*** Opening of Available data ***
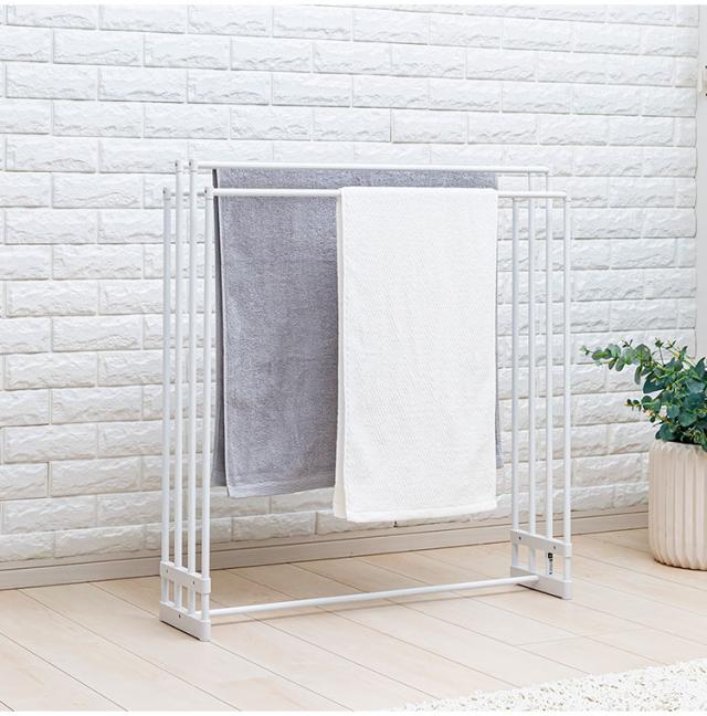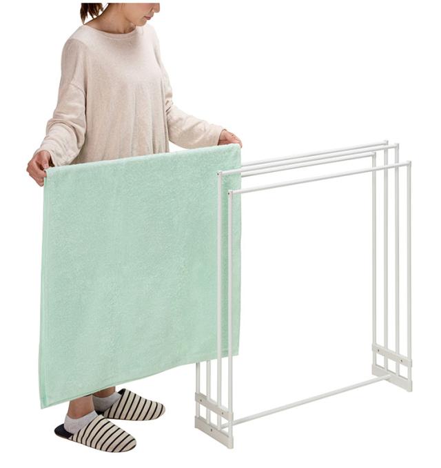 幅74cmまでの大判のバスタオルが4枚干せます。(フェイスタオルは8枚まで)
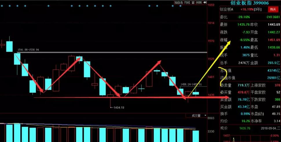 创业目前是一个双针探底或者说是多重底的一个走势,1430这附近应该不会轻易跌破,逢低仍然可以吸纳。
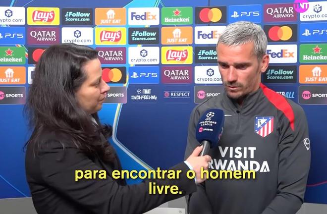 欧冠1/4决赛首回合,马竞客场2-0战胜巴萨,格列兹曼赛后接受了TNT体育巴西频道的采访。
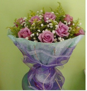 [材 料]:花束,11朵紫玫瑰,點綴滿天星、黃鶯. [包 裝]:紫網圓形精美包裝,配蝴蝶結束扎。
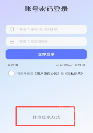 點擊其他登錄方式后,可通過賬號密碼進行登錄(首次登錄時會自動注冊為新賬號)
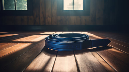 Black belt on a wooden table. Black and white photos. Selective focus.
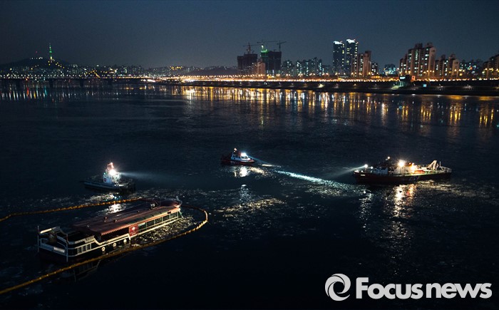 (서울=포커스뉴스) 26일 오후 서울 한강 영동대교 아래에서 한강유람선이 침수되어 관계 당국이 기름 유출을 막기 위해 방재작업을 하고 있다.
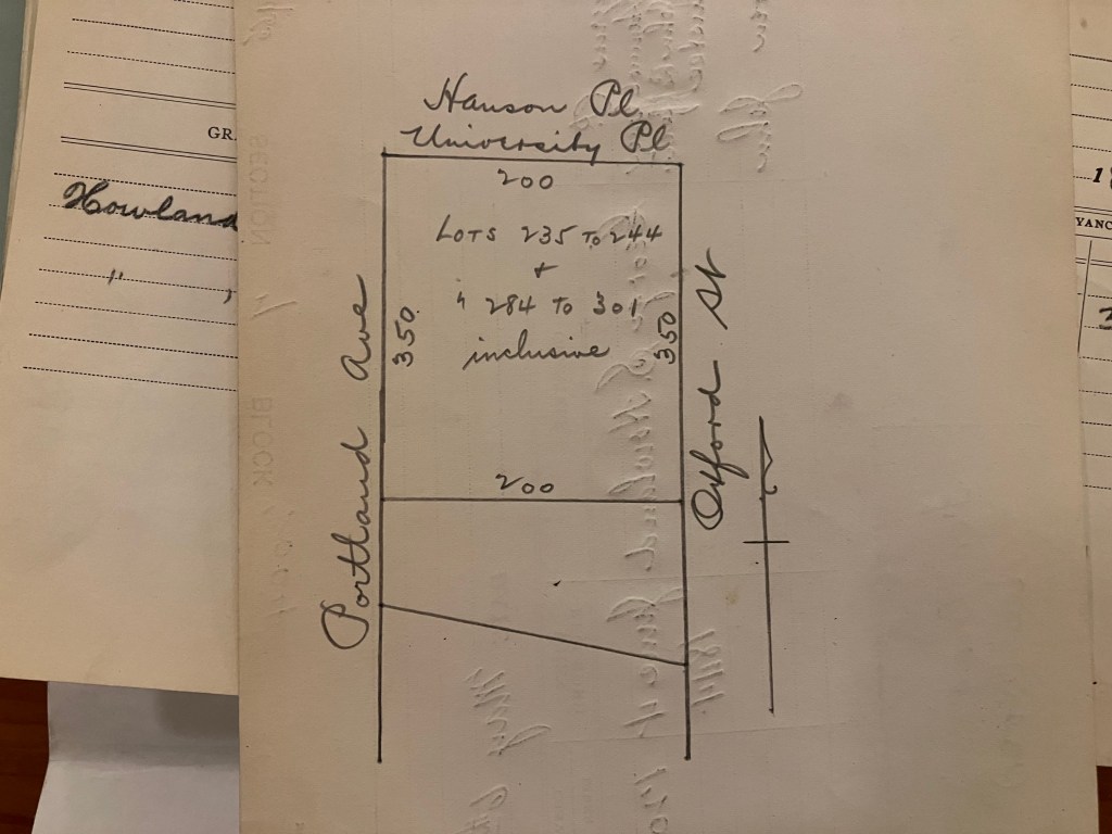 One of Howland’s purchases from the Cowenhoven estate was a group of 28 lots – about two acres – between Oxford Street and Portland Avenue. This tract stretched from University Place all the way down to what would become the southern boundary of this house’s plot.
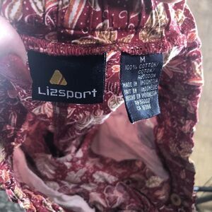 Liz Sport Women's Shorts Medium Modern Red Floral High Waisted Boho Cotton
*** Close of Available data ***
Work task: What you write out is the stretch of entries from the line containing "[材 料]:花束,11朵紫玫瑰,點綴滿天星、黃鶯. [包" to the line containing "(서울=포커스뉴스) 26일 오후", word for word, with both end lines and no pictures.

Exercise answer:
 [材 料]:花束,11朵紫玫瑰,點綴滿天星、黃鶯. [包 裝]:紫網圓形精美包裝,配蝴蝶結束扎。
 點擊其他登錄方式后,可通過賬號密碼進行登錄(首次登錄時會自動注冊為新賬號)
 Black belt on a wooden table. Black and white photos. Selective focus.
 (서울=포커스뉴스) 26일 오후 서울 한강 영동대교 아래에서 한강유람선이 침수되어 관계 당국이 기름 유출을 막기 위해 방재작업을 하고 있다.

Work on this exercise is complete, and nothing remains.